174 Iowa 583 | Iowa | 1916
“In consideration of this deed, the parties of the second part, Emma Schutt and C. A. Schutt, hereby relinquish all their rights and interests in the Christian Schutt estate.”
There is evidence tending to show that at the time of the conveyance the land was of the reasonable value of $20,000. There is nothing in the record tending to show that, prior to said conveyance, the judgment debtor or his wife had any right or interest, legal or equitable, in the land in controversy, and whatever title they or either of them now have is referable to the deed above mentioned. The grantor is a man of foreign birth, and his testimony respecting the circumstances of the conveyance is somewhat confused by his inability to freely express himself in English words; but fairly construed, he says that he offered to sell the land to his son’s wife for considerably less than it was worth, and expressed his willingness to convey it to her for $13,000. The son, C. A. Schutt, said he could not buy it, for he had no money; but his wife asked and was given time to consider it until she could see her father, and later accepted the offer. • The transaction was then consummated by the execution and delivery of the deed, the giving of the note and mortgage, and the making of the cash payment. The grantor insists that he knew nothing of the clause in the deed by which his son and wife relinquished their right to any inheritance from him, and avers that the value of the land in excess of $13,000 was considered by him as a gift to the grantee. The grantee concedes, however, that she received the deed knowing that it included said clause and understood its purport, but asserts herself to have been the real purchaser of the land and to be now the owner thereof in her own right.

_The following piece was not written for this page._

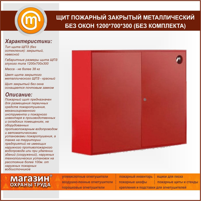Щит пожарный закрытый металлический без окон 1200*700*300 (без комплекта) в Альметьевске купить

“If the agreement to relinquish his interest in the grantor’s estate on the part of C. A. Schutt be,treated as invalid or for any reason disregarded, then the difference .of*590 $4,600 representing the unpaid or unsecured consideration must be regarded as a gift to him in the land, and the taking of title thereto to this extent was a fraud upon his creditors. Whatever C. A. Sehutt received from his father in the transaction rightfully belonged to his creditors, and where the effect of his and his wife’s conduct was to place it beyond the reach of his creditors, a fraudulent purpose will be ascribed to such conduct and she will be held to hold the property in trust for his creditors.”
The decree below was right, and it is — Affirmed.